FICO Score Report Determines Your Creditworthiness

2007-03-08 10:33:40

( Financial )



Perhaps you know that creditors check your credit reports to assess whether or not to grant you credit. Be aware that in addition to credit reports, creditors look at FICO score reports to determine your creditworthiness.

FICO score reports are based on credit reports that your creditors send to FICO. FICO then uses computer models (based on thousands of successful and unsuccessful borrowers) to evaluate your credit reports and generate an opinion in the form of a score between 350 and 900.

Knowing your FICO score report and what affects it is important.
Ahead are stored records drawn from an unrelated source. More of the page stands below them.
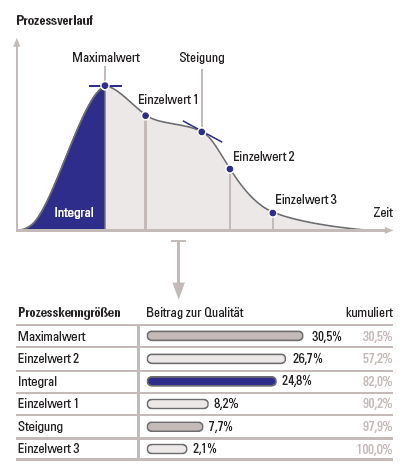 Die tabellarische und grafische Darstellung der Prozesskenngrößen und deren Gewichtung (Beitrag zur Qualität) tragen dabei zu einer wesentlichen Verbesserung des Prozesswissens bei.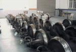 TGV PSE wheelsets awaiting reprofiling at the Villeneuve St-Georges maintenance shops. These wheelsets, unlike the above Duplex wheelsets, use vented brake disks. All trainsets since the first generation PSE trainsets have used higher performance unvented disk brakes which have the side benefit of lowering aerodynamic drag.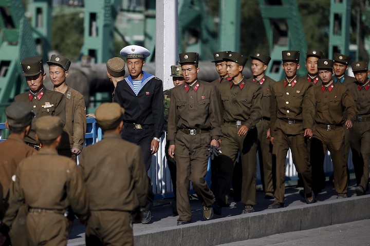 Det sker blandt andet ved en stor militærparade i hovedstaden Pyongyang, hvor inviterede udenlandske journalister får et sjældent kig på det lille lands arsenal af tanks og soldater.
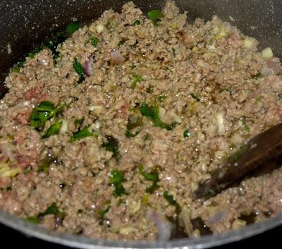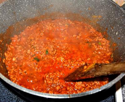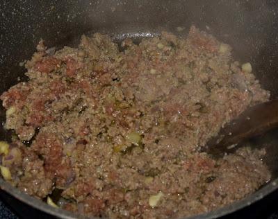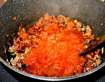 Βάζουμε στην κατσαρόλα το λάδι,ρίχνετε το κρεμμύδι τον σκόρδο και τον κιμά και τα σοτάρουμε μέχρι να καφετίσουν ανακατεύοντας συνεχώς με ξύλινη κουτάλα. Λιώνουμε σ ένα μπολ τις ντομάτες με τα χέρια πολύ καλά.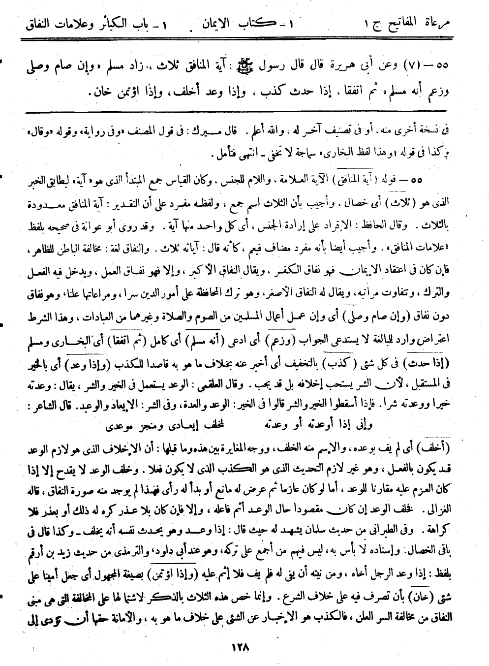 55-قوله: (آية المنافق) الآية العلامة، واللام للجنس، وكان القياس جمع المبتدأ الذي هو" الآية" ليطابق الخير الذي هو (ثلاث) أي خصال، وأجيب بأن الثلاث اسم جمع، ولفظه مفرد على أن التقدير: آية المنافق معدودة بالثلاث. وقال الحافظ: الإفراد على إرادة الجنس، أي كل واحد منها آية. وقد روى أبوعوانه في صحيحه بلفظ ((علامات المنافق)) ، وأجيب أيضاً بأنه مفرد مضاف فيعم، كأنه قال: آياته ثلاث. والنفاق لغة: مخالفة الباطن للظاهر، فإن كان في اعتقاد الإيمان فهو نفاق الكفر، ويقال النفاق الأكبر، وإلا فهو نفاق العمل، ويدخل فيه الفعل والترك، وتفاوت مراتبه، ويقال له: النفاق الأصغر، وهو ترك المحافظة على أمور الدين سراً، ومراعاتها علناً، وهو نفاق دون نفاق. (وإن صام وصلى) أي وإن عمل أعمال المسلمين من الصوم والصلاة وغيرهما من العبادات، وهذا الشرط اعتراض وارد للمبالغة لا يستدعى الجواب. (وزعم) أي ادعى (أنه مسلم) أي كامل (ثم اتفقا) أي البخاري ومسلم (إذا حدث) في كل شيء (كذب) بالتخفيف أي أخبر عنه بخلاف ما هو به قاصداً للكذب. (وإذا وعد) أي بالخير في المستقبل؛ لأن الشر يستحب إخلافه، بل قد يجيب. وقال العلقمي: الوعد يستعمل في الخير والشر، يقال: وعدته خيراً ووعدته شراً. فإذا أسقطوا الخير والشر قالوا في الخير: الوعد والعدة، وفي الشر: الإبعاد والوعيد. قال الشاعر:

If you receive higher marks on your FICO score report, the more likely that you will get a good financing and a lower interest rate.

Your payment history, outstanding debt, length of your credit history, recent inquiries on your report and types of credit in use are the factors that affect your FICO score report.
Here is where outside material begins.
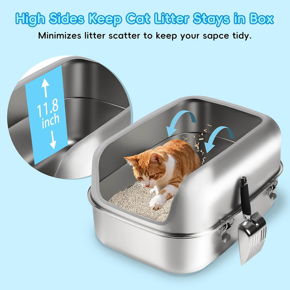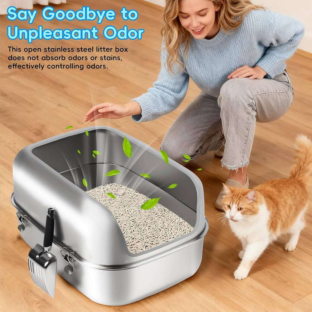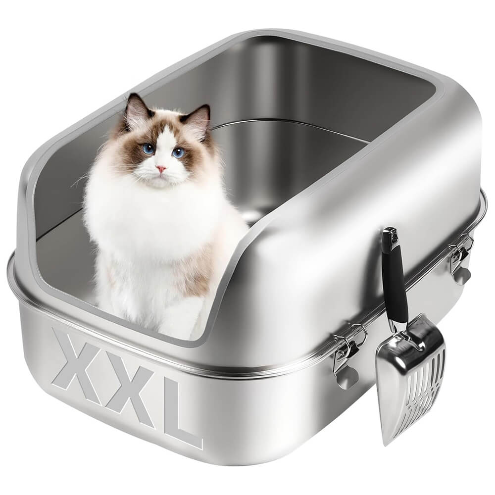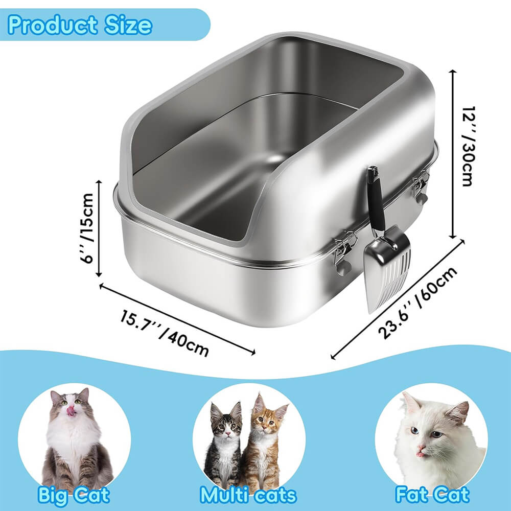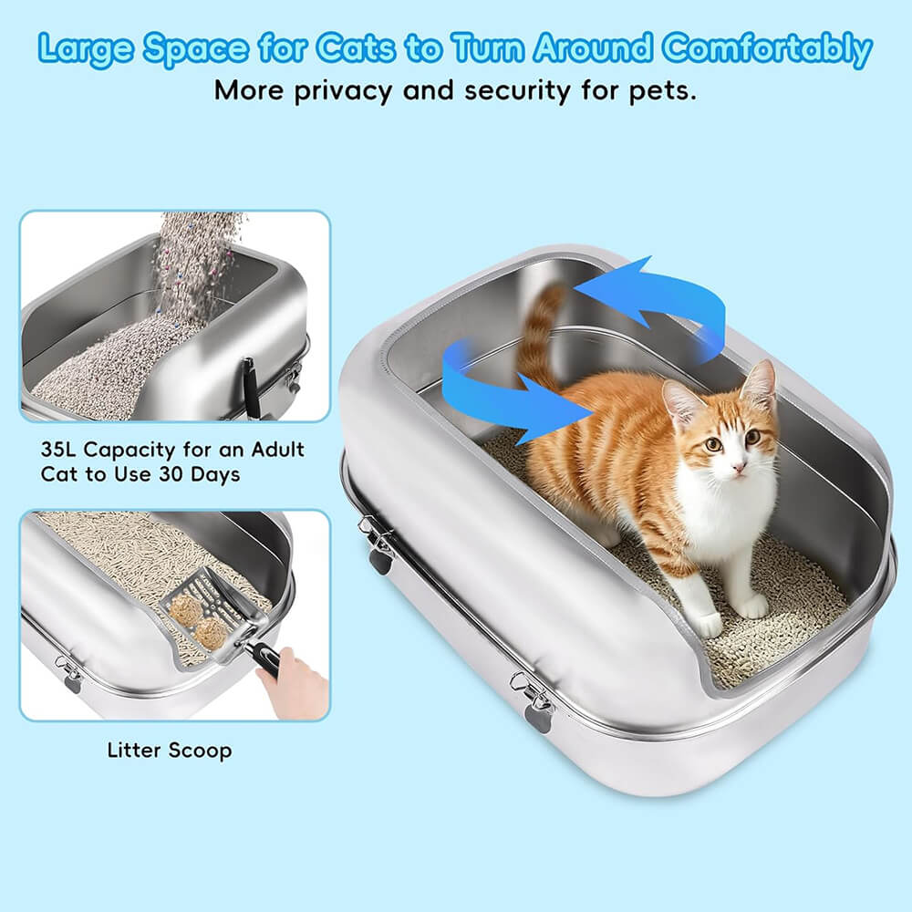 XXL Semi Enclosed Removable Stainless Steel Cat Litter Box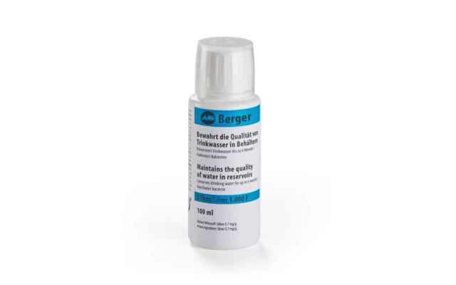 Silberpräparate in flüssiger Form sind bestens zur Frischwasserkonservierung geeignet. Bei diesem Produkt sind die Silberionen bereits gelöst und reagieren unmittelbar mit dem Trinkwasser, sobald sie in den Wassertank gegeben werden. Eine Überdosierung ist ausgeschlossen, denn das Wasser nimmt nur so lange Silberionen auf, bis es gesättigt ist.

Late or missed payments on your bills and a bankruptcy report can hurt your FICO score report. If you did miss some payments more than seven years ago, these lapses will no longer appear in your credit reports and thus, will not affect the debt ratings shown on your FICO score report. However, a bankruptcy report during the last ten years can stay on your credit reports.

Your debt-to-income ratio is critical. Owning many credit cards with large credit lines could also affect your FICO score report because lenders think that you will easily accumulate debt merely by using your existing card credit lines. You will get good FICO score report if you have established credit for quite some time. But note that more credit inquiries can affect your score adversely.

If you want to know how you score even before you apply for any credit, you may want to order your FICO score report for a minimal fee.